The Foreign Exchange Regulation Act, 1947 (known as FERA) is a law enacted and was officially published by the government of Pakistan and still applicable in Bangladesh, which was East Pakistan before independence, to regulate certain payments, dealings in foreign exchange and securities, and the import and export of currency and bullion.

==Purpose and scope==

FERA was primarily aimed at conserving foreign exchange reserves, which were scarce in the post-independence and post-partition era. It granted the government and the Bangladesh Bank extensive powers to control transactions involving foreign exchange. The Act imposed restrictions on various activities like:
Dealing in foreign exchange by unauthorized persons
Payments to or receipts from non-residents
Import and export of currency and bullion
Acquisition and holding of foreign securities
Opening and maintaining foreign currency accounts

==Key provisions==
Authorized Dealers: FERA designated certain banks and financial institutions as "authorized dealers" who were permitted to deal in foreign exchange under the regulations of the Act.
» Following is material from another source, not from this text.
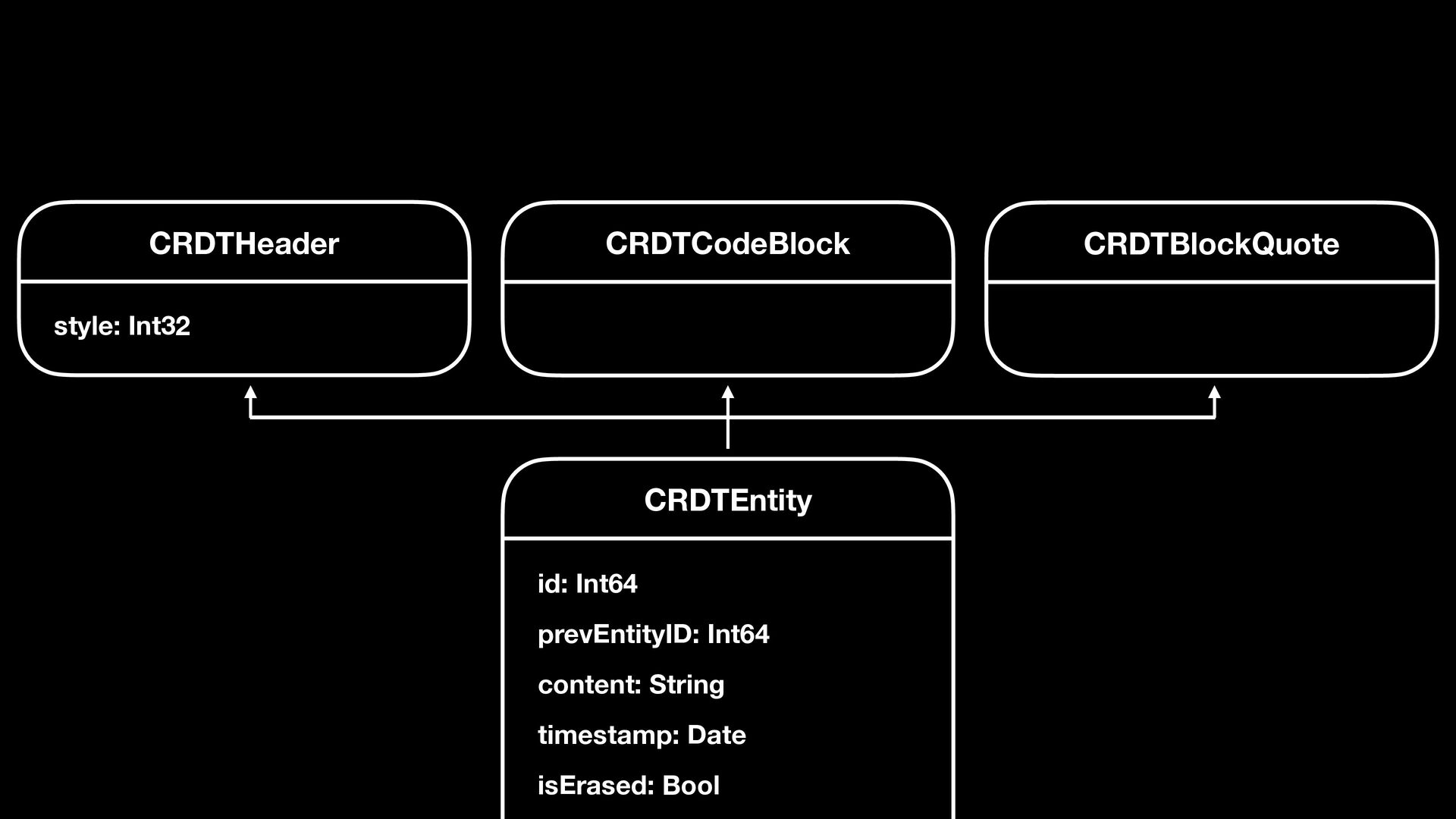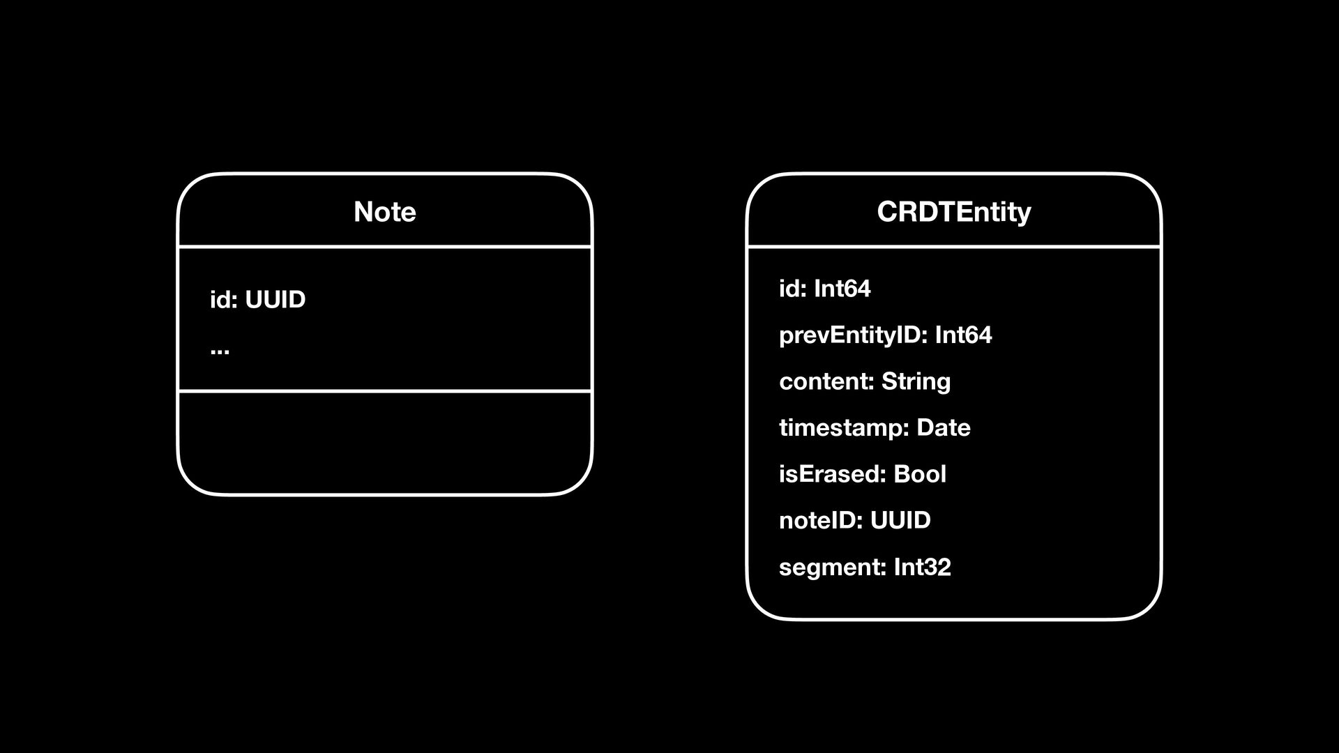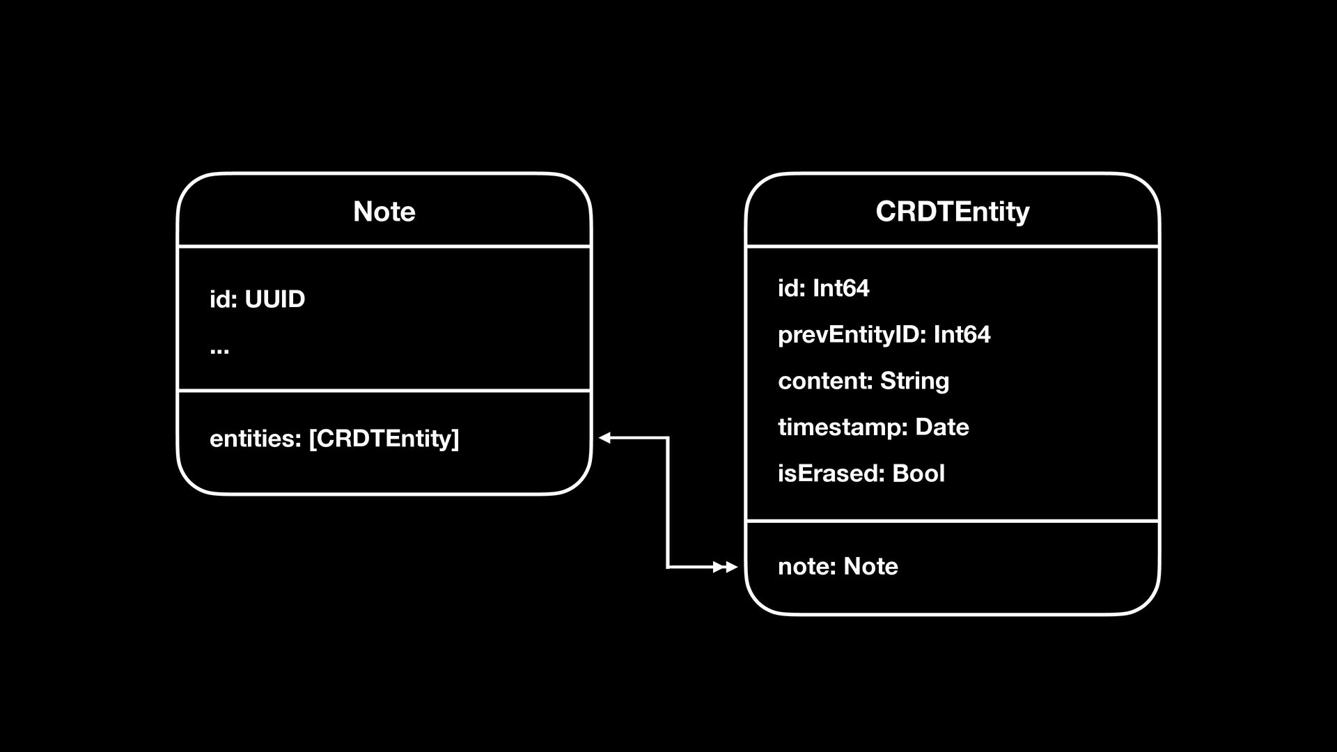 CRDTEntity id: Int64 prevEntityID: Int64 content: String timestamp: Date isErased:

Restrictions on Dealing: Except with the permission of the Bangladesh Bank, no person other than an authorized dealer could buy, sell, borrow, or lend foreign exchange.

Payment Restrictions: The Act imposed restrictions on payments to non-residents and required prior approval for certain types of remittances.

Import and Export Restrictions: It regulated the import and export of currency and bullion, requiring declarations and licenses for such transactions.

Blocked Accounts: FERA allowed for the creation of "blocked accounts" for non-residents, limiting their ability to freely repatriate funds.

Acquisition of Foreign Exchange: The government had the power to acquire foreign exchange from residents under specific circumstances.

==Amendments and continuation==
FERA was amended several times over the years to adapt to changing economic conditions. It was made friendlier by the Foreign Exchange Regulation Act (Amendment) 2015, FERA continues to be the governing legislation for foreign exchange transactions in Bangladesh.

==Guideline from Bangladesh Bank==
For ease of implementation of the provisions of the Act 1947, the central bank has published a guide entitled "Guidelines for Foreign Exchange Transactions" which ultimately replaces the 1986 Exchange Control Manual, providing comprehensive instructions for Authorized Dealers and their clients in foreign exchange transactions.

This publication consists of two volumes:

Volume I: Details instructions and forms for individual transactions.

Volume II: Outlines the reporting procedures for Authorized Dealers to Bangladesh Bank, including formats for monthly returns and statements.

This first edition includes instructions valid as of December 31, 1996, and should be referenced alongside any subsequent FE Circulars or Circular Letters.

==Impact and criticism==
FERA played a crucial role in managing Bangladesh's foreign exchange reserves during the early years of independence. However, it has been criticized for being overly restrictive and creating a cumbersome bureaucratic system. The Act is seen by some as hindering foreign investment and trade due to its stringent regulations.